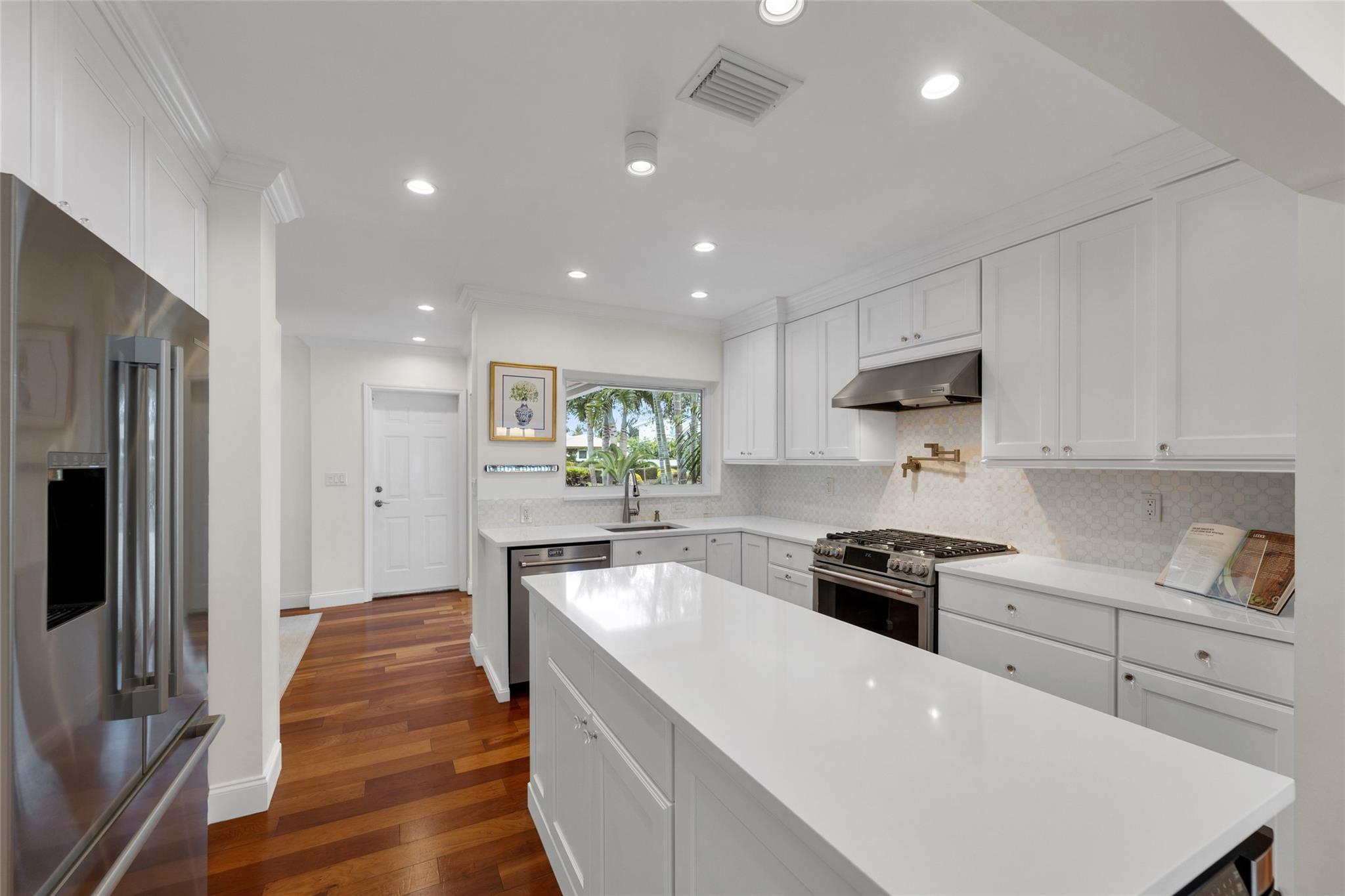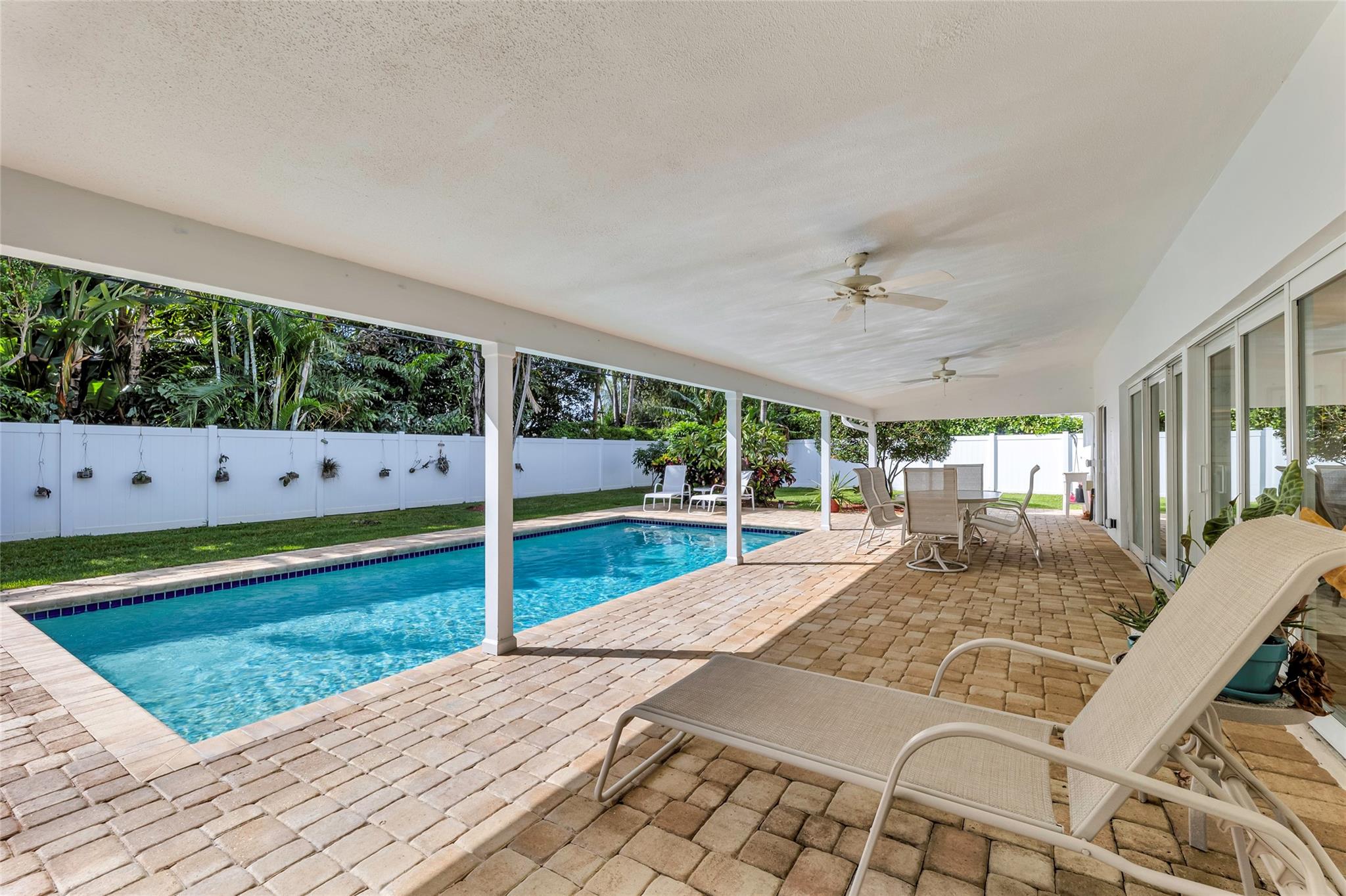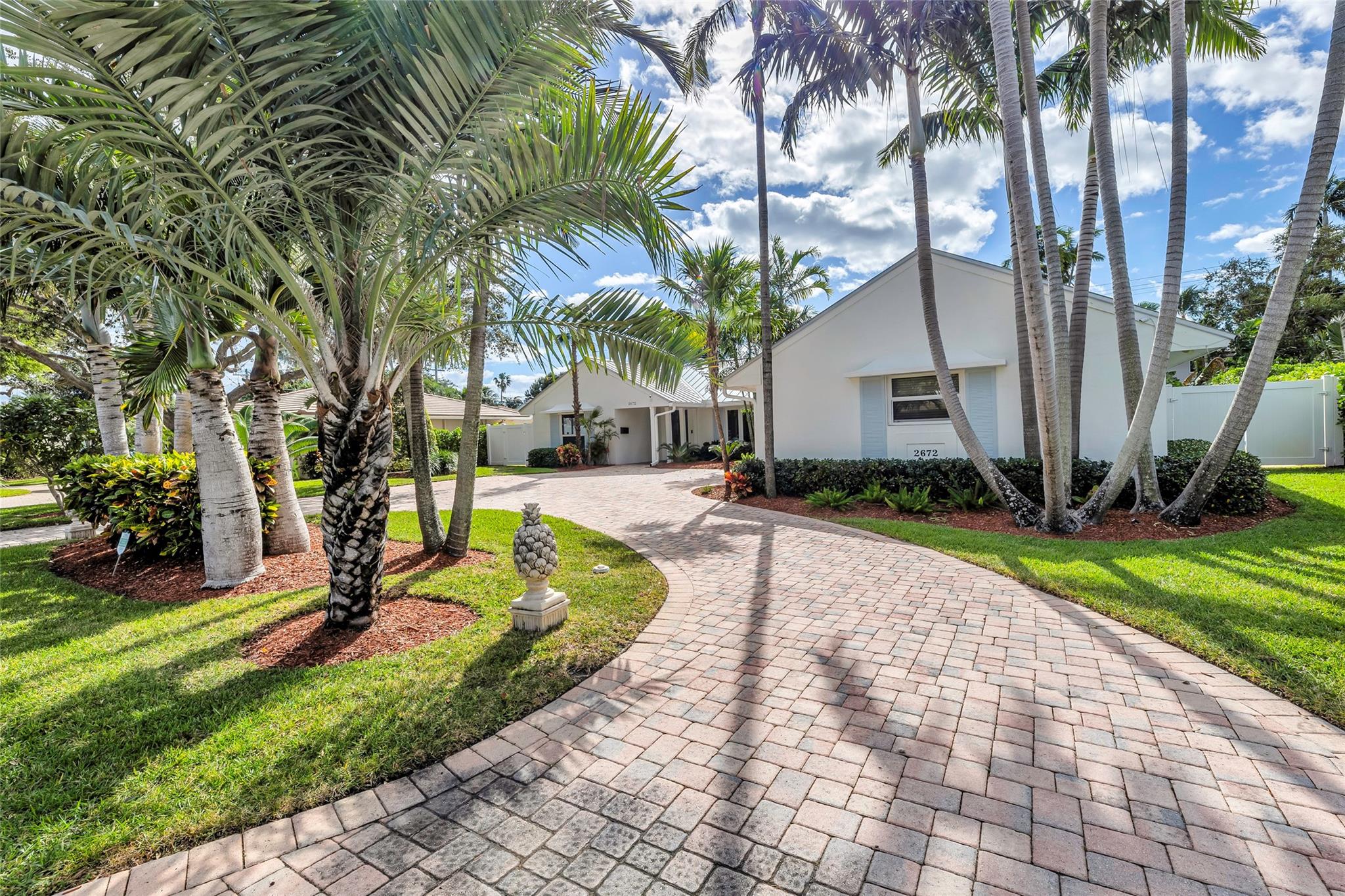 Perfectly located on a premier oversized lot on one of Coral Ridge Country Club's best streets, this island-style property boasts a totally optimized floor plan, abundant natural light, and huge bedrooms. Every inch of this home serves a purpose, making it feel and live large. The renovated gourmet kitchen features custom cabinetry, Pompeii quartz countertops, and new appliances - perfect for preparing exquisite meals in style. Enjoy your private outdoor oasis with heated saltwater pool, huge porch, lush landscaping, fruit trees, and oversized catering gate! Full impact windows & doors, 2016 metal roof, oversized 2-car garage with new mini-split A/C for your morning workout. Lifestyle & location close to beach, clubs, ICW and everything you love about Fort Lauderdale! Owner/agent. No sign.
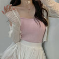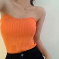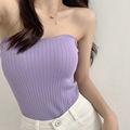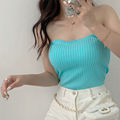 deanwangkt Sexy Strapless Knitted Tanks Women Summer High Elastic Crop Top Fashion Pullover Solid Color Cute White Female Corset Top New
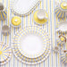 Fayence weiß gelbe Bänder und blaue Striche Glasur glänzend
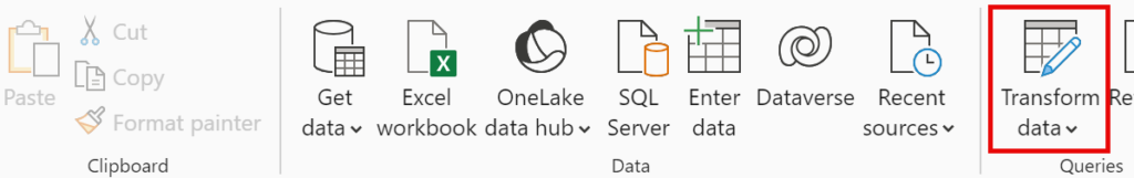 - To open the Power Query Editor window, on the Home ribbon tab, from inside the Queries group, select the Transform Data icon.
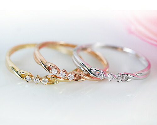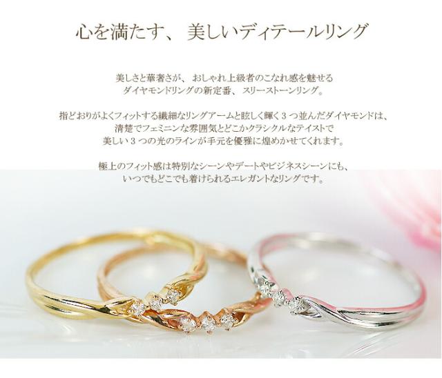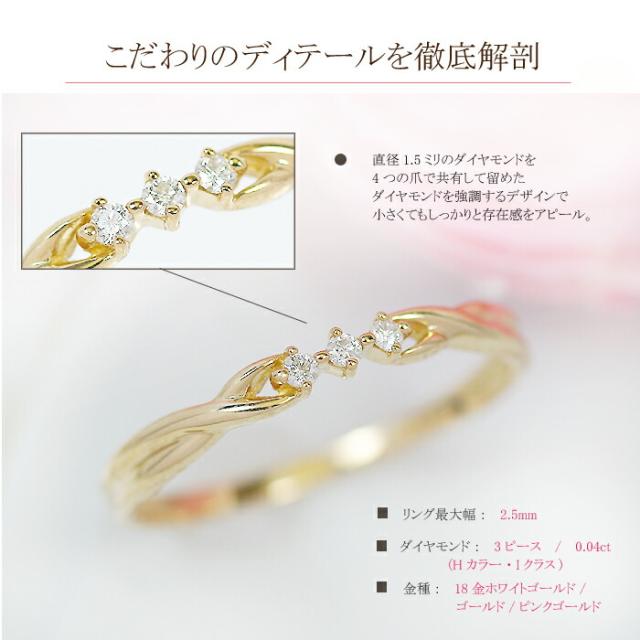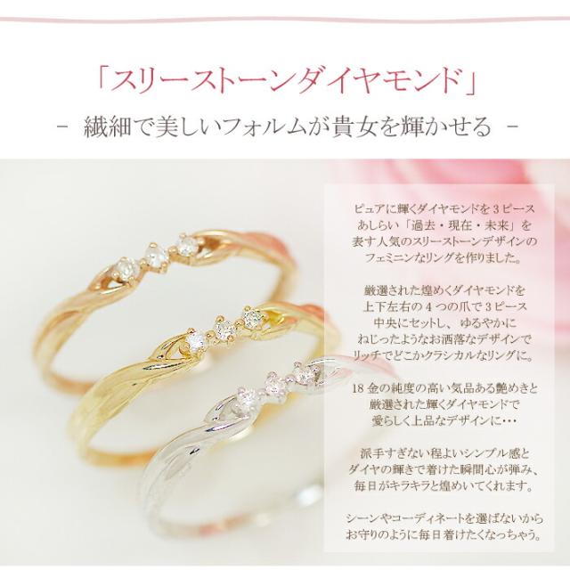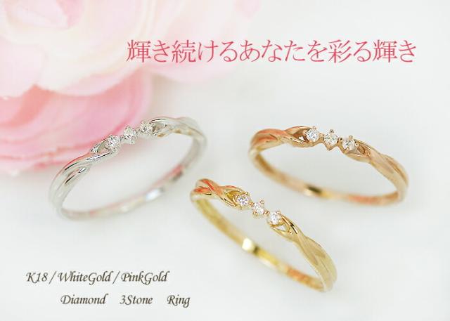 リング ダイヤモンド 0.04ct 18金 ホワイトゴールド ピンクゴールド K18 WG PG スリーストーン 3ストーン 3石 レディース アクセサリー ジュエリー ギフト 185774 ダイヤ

• • • • •

TRY IT
For this exercise, give the listing again exactly as written, with the pictures omitted.

TASK RESULT
 Perfectly located on a premier oversized lot on one of Coral Ridge Country Club's best streets, this island-style property boasts a totally optimized floor plan, abundant natural light, and huge bedrooms. Every inch of this home serves a purpose, making it feel and live large. The renovated gourmet kitchen features custom cabinetry, Pompeii quartz countertops, and new appliances - perfect for preparing exquisite meals in style. Enjoy your private outdoor oasis with heated saltwater pool, huge porch, lush landscaping, fruit trees, and oversized catering gate! Full impact windows & doors, 2016 metal roof, oversized 2-car garage with new mini-split A/C for your morning workout. Lifestyle & location close to beach, clubs, ICW and everything you love about Fort Lauderdale! Owner/agent. No sign.
 deanwangkt Sexy Strapless Knitted Tanks Women Summer High Elastic Crop Top Fashion Pullover Solid Color Cute White Female Corset Top New
 Fayence weiß gelbe Bänder und blaue Striche Glasur glänzend
 - To open the Power Query Editor window, on the Home ribbon tab, from inside the Queries group, select the Transform Data icon.
 リング ダイヤモンド 0.04ct 18金 ホワイトゴールド ピンクゴールド K18 WG PG スリーストーン 3ストーン 3石 レディース アクセサリー ジュエリー ギフト 185774 ダイヤ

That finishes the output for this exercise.